I’m sure we’re all thinking, “But it really was the bank’s fault!” The doctor’s office can’t be held accountable for this!

Those patient identities were the responsibility of the doctor and his office. They didn’t do their due diligence to make sure that their vendors—including banks—were abiding by standards outlined by HIPAA. This office didn’t even have a business associate’s agreement in place—an agreement between a vendor and a medical office or organization that ensures the vendor understands, commits to and agree to take responsibility for any HIPAA infractions related to their negligence. The office received another fine mainly because they were not vetting the bank before entrusting it with their PHI.

Who specifically are business associates?

HHS defines a business associate as any service organization that provides assistance to your business that is likely to touch or process some of your PHI data in some way, shape, or form.

To start thinking about who is and who is not a business associate (of the vendors you work with), I encourage you to evaluate the following questions:

  • Do they get records of patient visits?
  • Names?
  • Treatments?
  • Do they get records of specific equipment or consumables needed for a patient’s treatment?

All of this is considered PHI! And any vendor working with you that either has physical access to data or that manipulates or processes ANY form of data relating to a patient (even simply patient names) should be considered a Business Associate and have a Business Associate’s Agreement (commonly termed a BAA) with your office.

USB drive falls in the wrong hands

The last violation a local office accrued happened last year. A technician (this office had an IT technician on staff before seeking other solutions after this third breach) had been asked to back up data from one of the lab computers. Not thinking about security measures, the tech went ahead transferring everything from the computer onto a USB drive.

For some reason, the USB drive, containing a couple more thousand records, could not be accounted for.
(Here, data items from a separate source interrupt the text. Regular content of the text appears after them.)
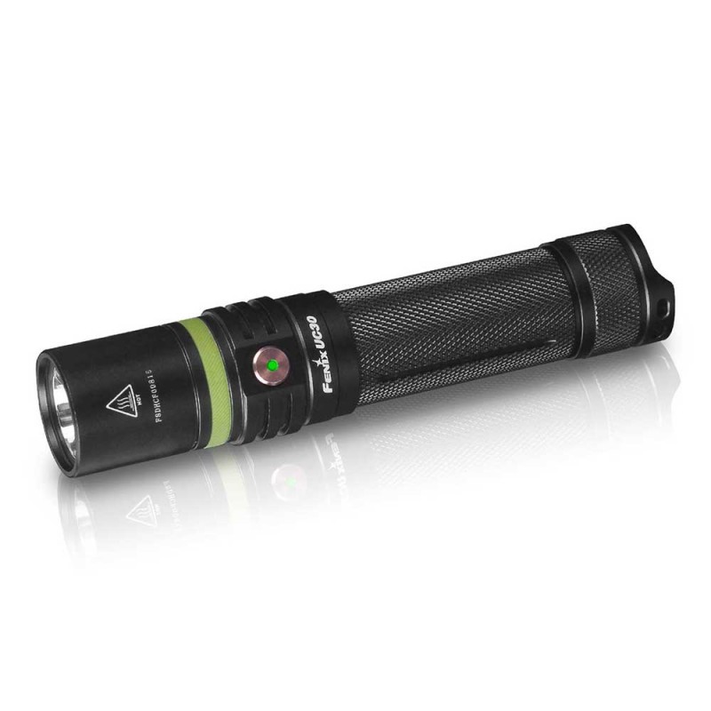 The Fenix UC30 LED Flashlight 2017 Edition includes a bump to 1000 lumens and a maximum runtime of 150 hours. The Fenix UC30 is fitted with a Cree XP-L HI V3 LED that will throw the 1000 lumens an incredible 830'. The Fenix UC30 LED flashlight runs off a single 18650 battery or another option would be two non-rechargeable CR123A's. This everyday carry flashlight features a green rubber boot that is luminous as well as a battery status indicator located on the stainless steel side switch. This rechargeable flashlight is even includes a lockout function making the Fenix UC30 a must-have for your EDC collection.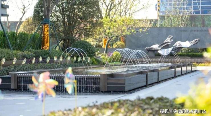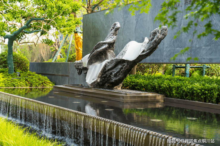景观中轴尽头便是景墙,景墙前主景雕塑立水而居,糙面如山、亮面似水,半城山水永驻;4处灵动水景形态各异,水声潺潺,相映成趣。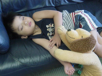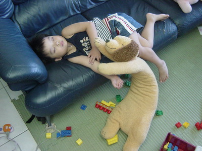 寶寶通常都晚睡,所以早上起床也就比較晚。平常日子因為要上學,都是在睡夢中被媽媽叫起來,而假日就會睡得比較晚了 (正確的說法應該是…媽媽就會睡得比較晚了)。今天寶寶不到六點就起床,不肯再睡,說要到客廳玩,結果玩了不到十分鐘,就倒在沙發上睡著了。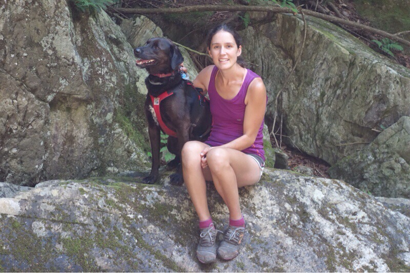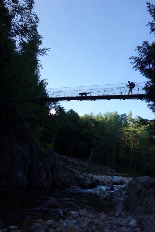 Wonderful shot of dog and hiker (Emily?) on bridge.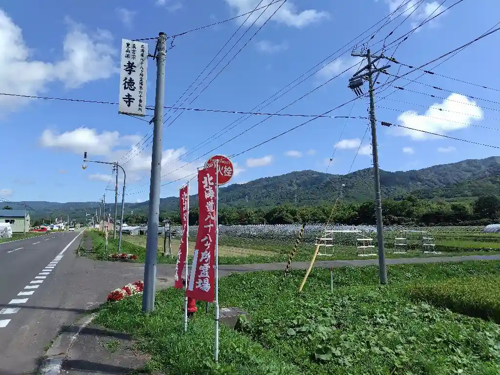 | 北海道八十八ヶ所霊場 第60番 | 仏さま:大日如来 御真言: おん あびらうんけん ばざら だとばん 御詠歌: 鳴く鳥も 参るお寺は 孝徳寺 迷世を灯して ホーホケキョ |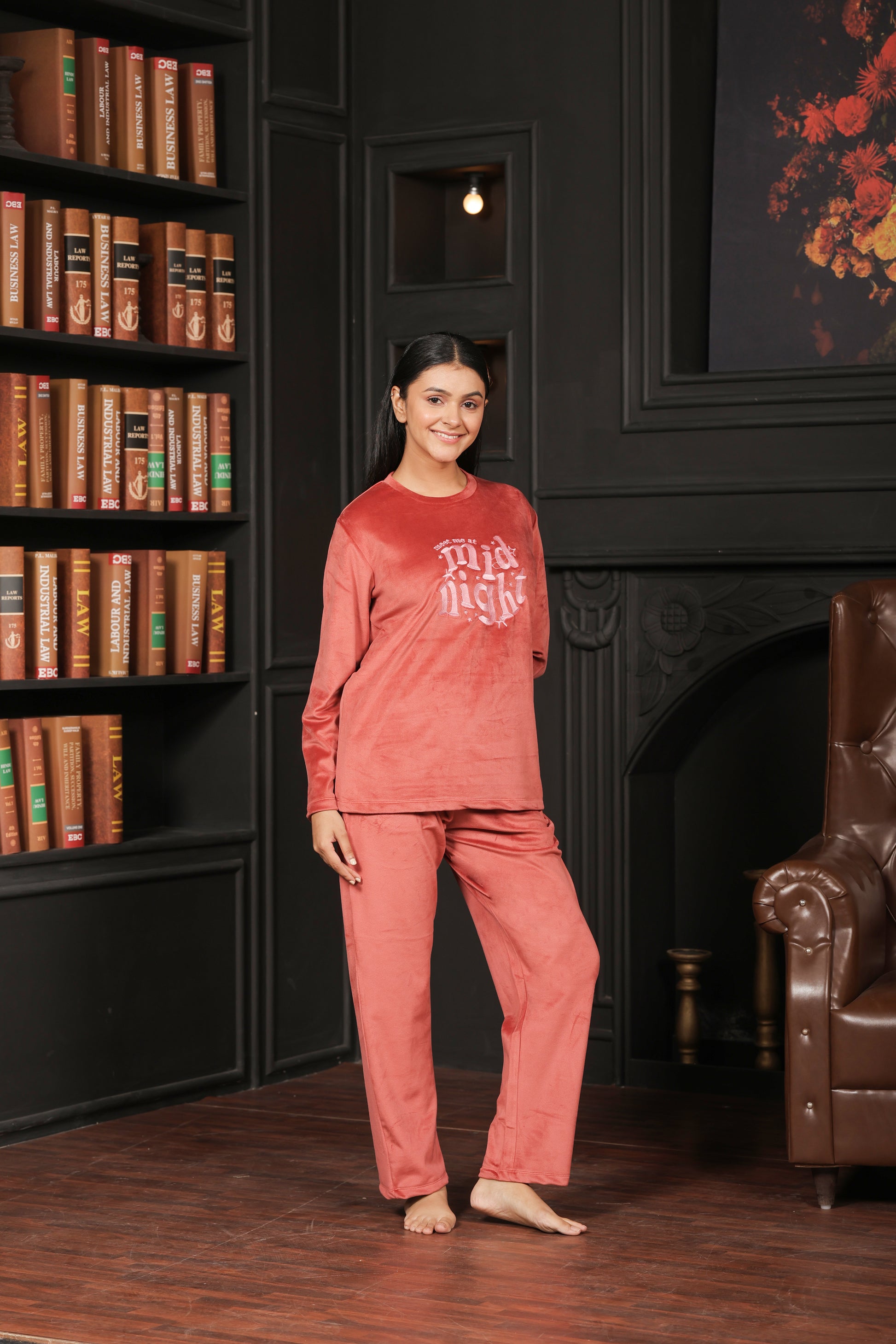 Step into ultimate comfort with the Kiza Women’s Round Neck Printed Night Suit. Designed in a rich rust shade with a playful front print, this set adds charm to your nightwear collection. Made from luxuriously soft and breathable velour fabric, it ensures warmth, comfort, and effortless style. Perfect for lounging at home, enjoying cozy evenings, or drifting into a peaceful night’s sleep.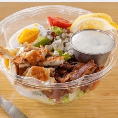 Grilled chicken breast, bacon, avocado, blue cheese, boiled egg, chopped romaine, grape tomatoes, onions and cucumber with choice of dressing.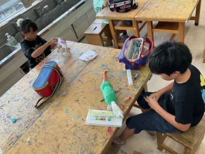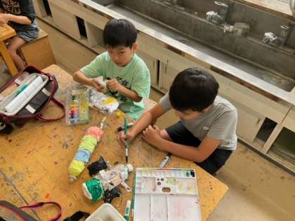 図工の時間です。「新種☆発見」続々と新たな生物が発見されています。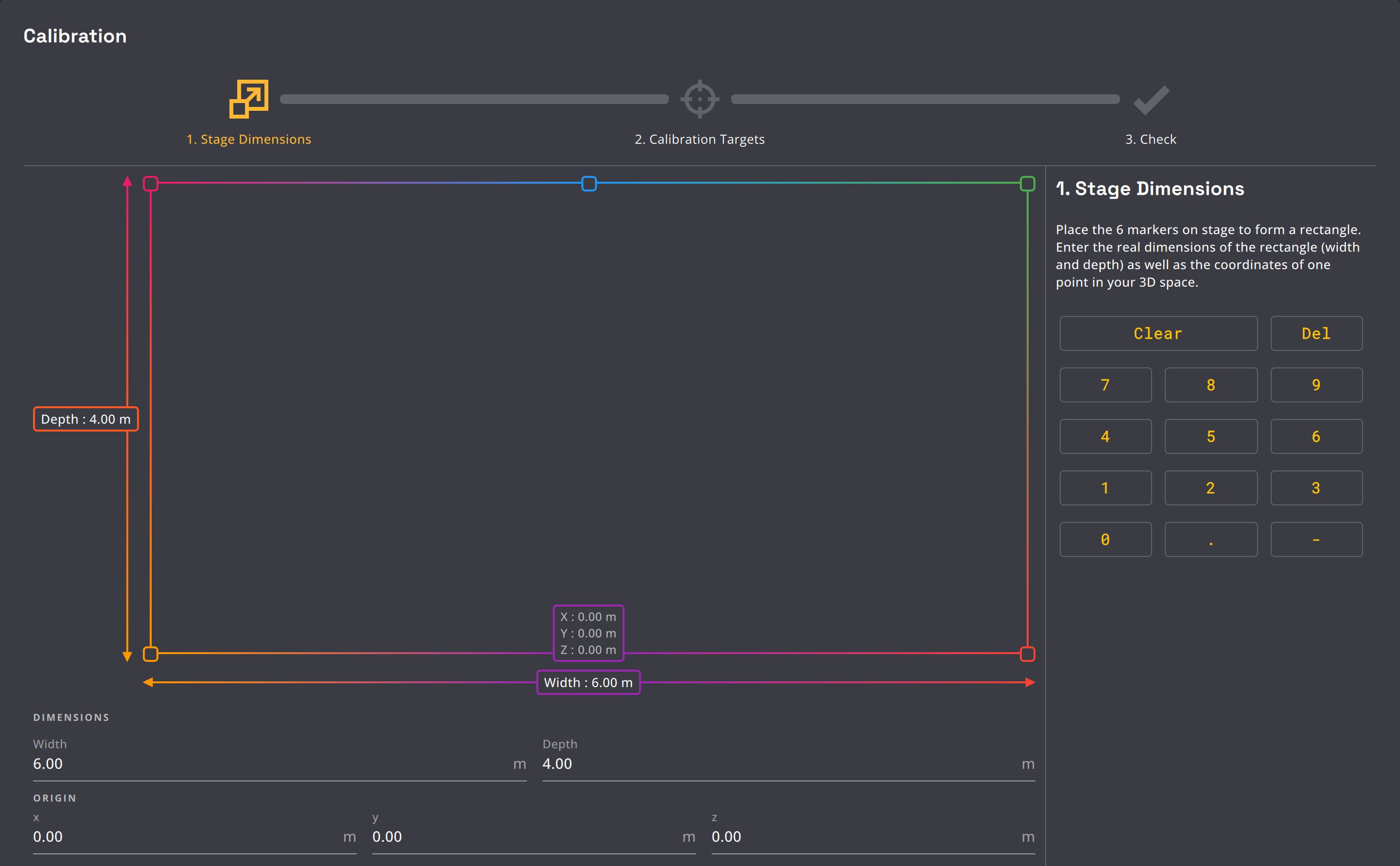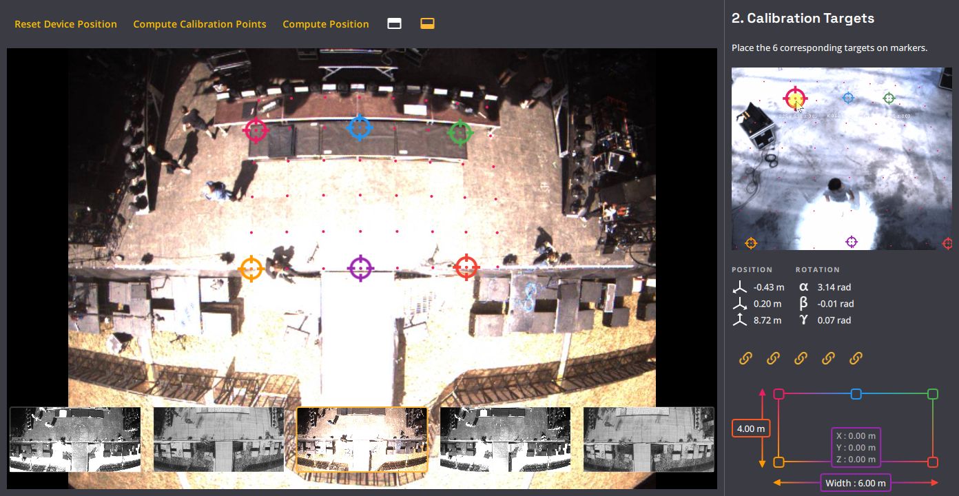 - Calibration targets page, where you match the virtual rectangle on each of the camera viewpoints to the rectangle you draw on the floor.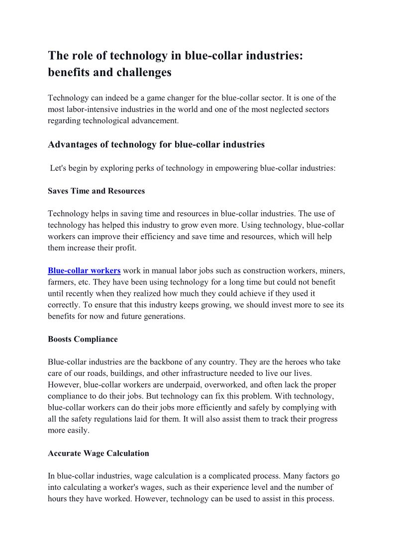 The role of technology in blue-collar industries benefits and challenges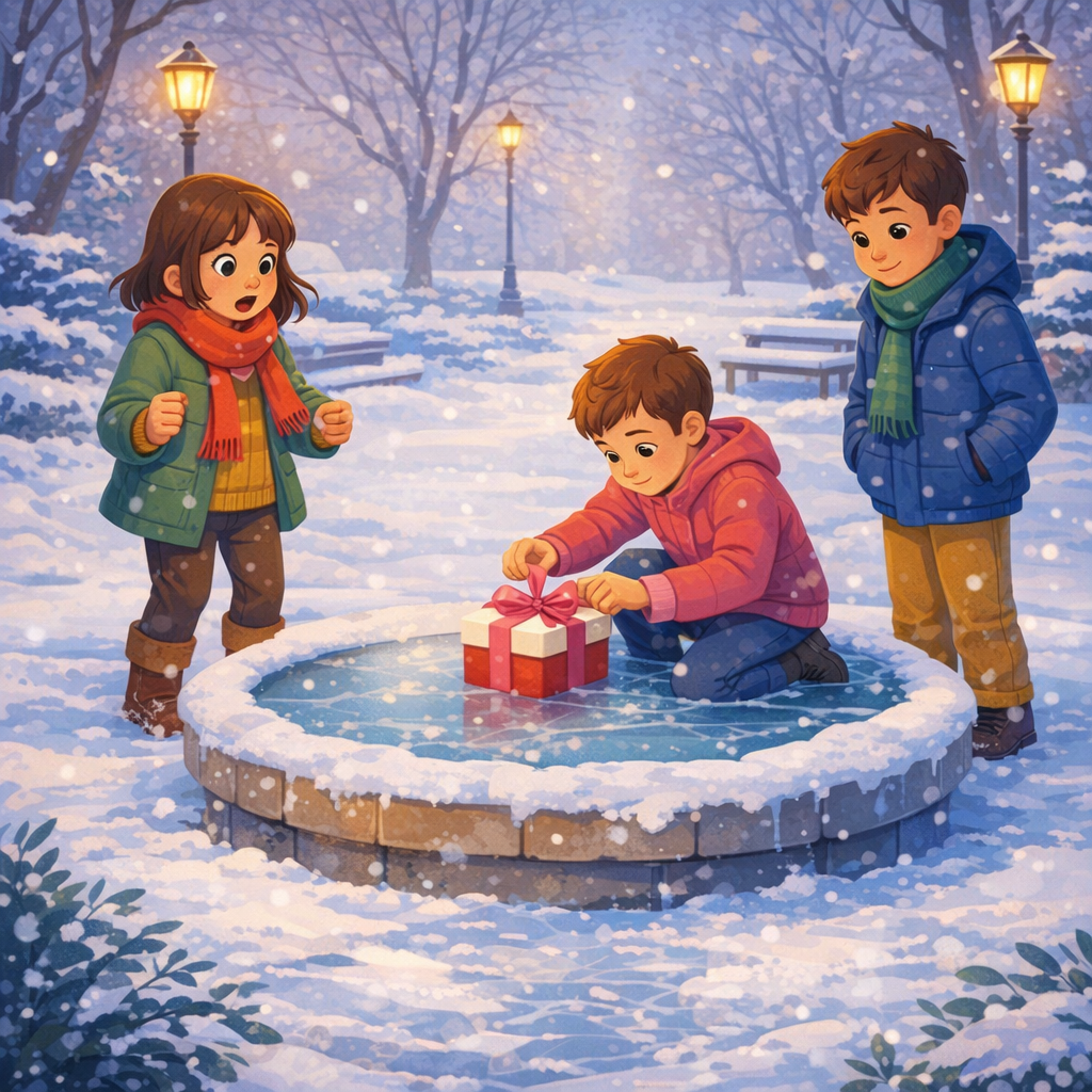 The park was quiet as the trio arrived, the fountain standing proudly in the center, its water frozen into beautiful, crystalline shapes. They approached cautiously, excitement and uncertainty mingling in their hearts.
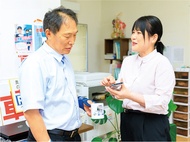 業務外の会話も信頼関係の土台に(長田健嗣代表取締役(左)と谷本さん)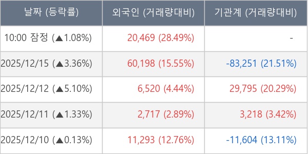 [표] 외국인ㆍ기관 순매매량 (단위 주)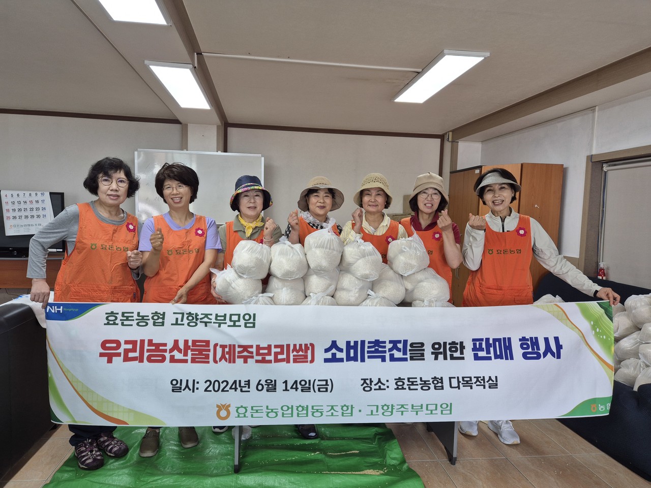 효돈농협(조합장 백성익)과 효돈농협 고향주부모임(회장 김혜정)은 지난 14일 회원 15명이 참여한 가운데 본점 다목적실에서 우리농산물(제주보리쌀) 판매 행사를 실시했다. 이날 판매된 수익금은 지역내 이웃사랑 실천에 적극 활용된다.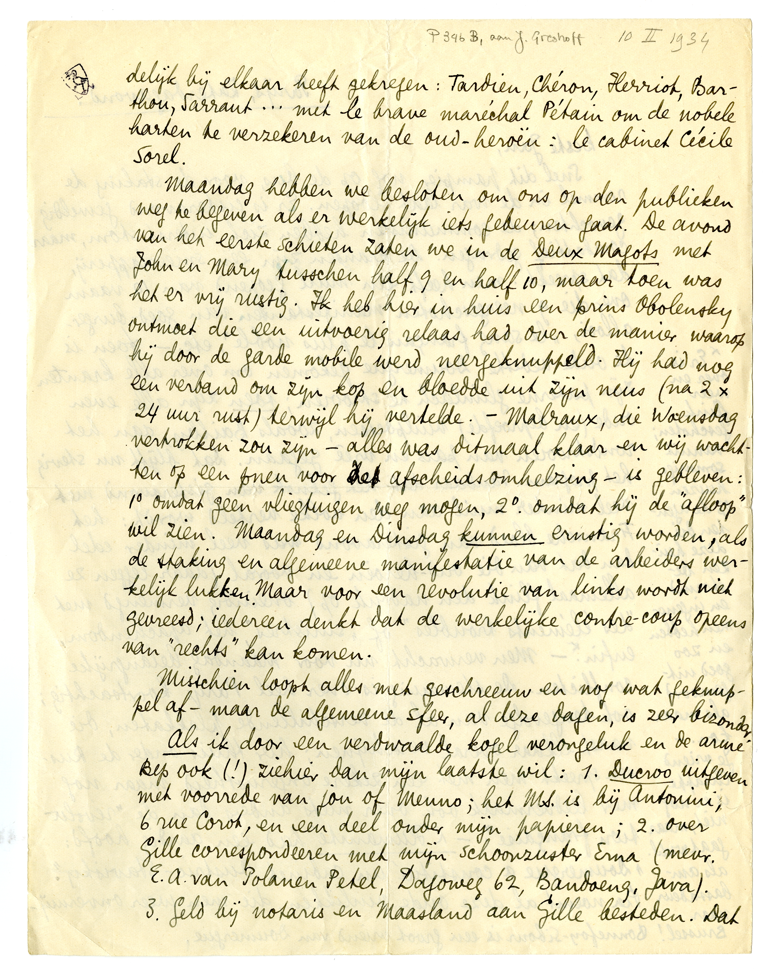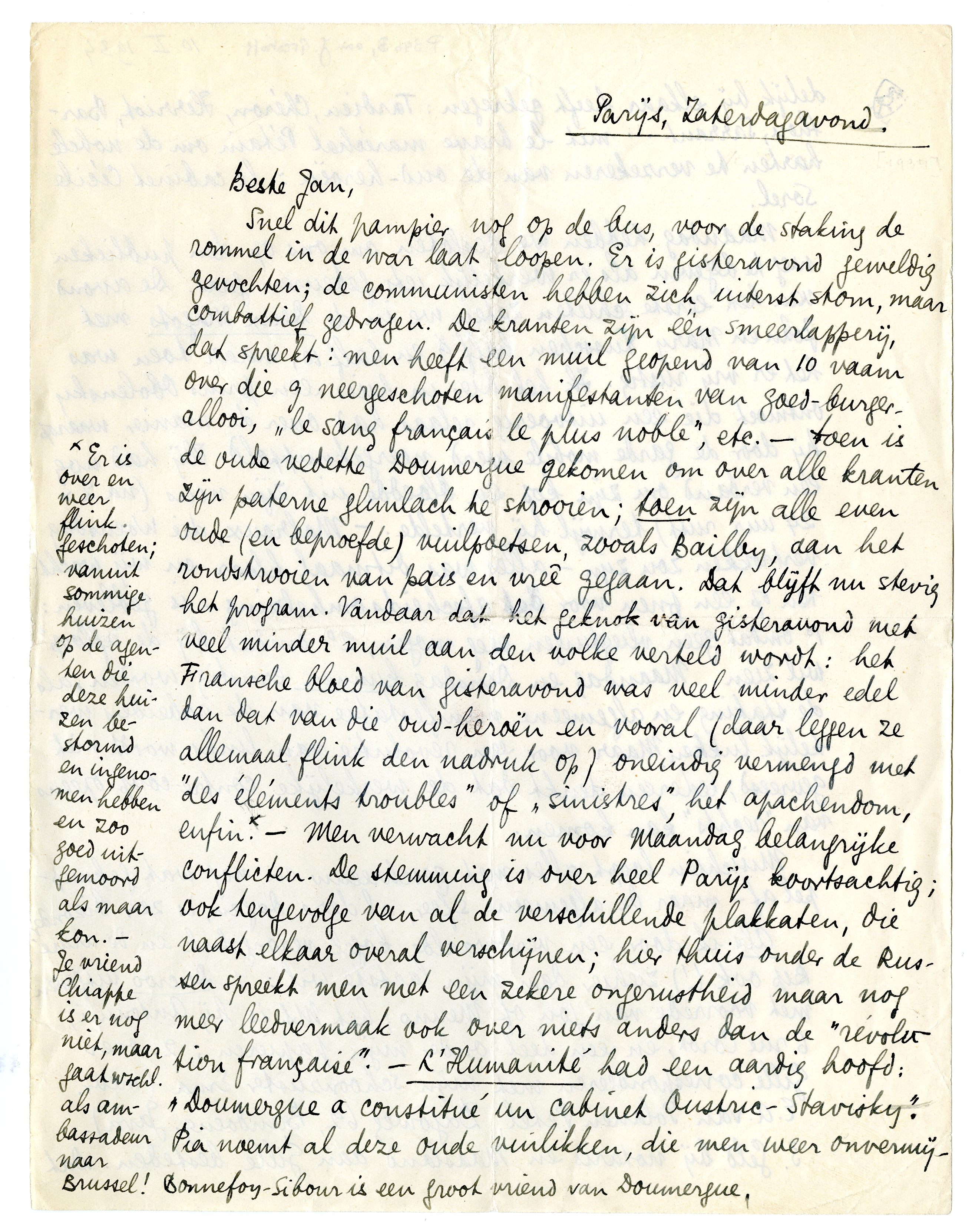 Snel dit pampier nog op de bus, voor de staking de rommel in de war laat loopen. Er is gisteravond geweldig gevochten3064; de communisten hebben zich uiterst stom, maar combattief gedragen. De kranten zijn één smeerlapperij, dat spreekt: men heeft een muil geopend van 10 vaam over die 9 neergeschoten manifestanten van goed-burger-allooi, ‘le sang français le plus noble’, etc. - toen is de oude vedette Doumergue gekomen om over alle kranten zijn paterne glimlach te strooien; toen zijn alle oude (en beproefde) vuilpoetsen, zooals Bailby, aan het rondstrooien van pais en vreê gegaan. Dat blijft nu stevig het program. Vandaar dat het geknok van gisteravond met veel minder muil aan den volke verteld wordt: het Fransche bloed van gisteravond was veel minder edel dan dat van die oud-heroën en vooral (daar leggen ze allemaal flink den nadruk op) oneindig vermengd met ‘des éléments troubles’ of ‘sinistres’, het apachendom, enfin.* - Men verwacht nu voor Maandag belangrijke conflicten. De stemming is over heel Parijs koortsachtig; ook tengevolge van al de verschillende plakkaten, die naast elkaar overal verschijnen; hier thuis onder de Russen spreekt men met een zekere ongerustheid maar nog meer leedvermaak ook over niets anders dan de ‘révolution française’. - L'Humanité had een aardig hoofd: ‘Doumergue a constitué un cabinet Oustric3066-Stavisky’. Pia noemt al deze oude vuilikken, die men weer onvermijdelijk bij elkaar heeft gekregen: Tardieu, Chéron, Herriot, Barthou, Sarraut... met le brave maréchal Pétain3067 om de nobele harten te verzekeren van de oud-heroën: le cabinet Cécile Sorel.

The tech thought he had put it in a drawer in his office, but it wasn’t where he thought it was. Apparently the drive had been in a box and was recycled with some equipment. The office received a phone call from someone that had found the USB device. Since nothing on it had been encrypted, they were alarmed that patient data was wide open for anyone to see—like they just had. As the other two incidents, this last incident resulted in fines and bad press.

The problem with HIPAA?

It’s too easy to fall short of compliance. It’s far too easy to succumb to a data breach, or even worse, a ransom attack.  It takes dedication and strategy to understand how to keep information security apart of normal operations, especially in local offices, where people simply assume they are doing everything right and could never imagine fines or breaches happening to them.

Are you sure you are doing everything you can to keep your office secure?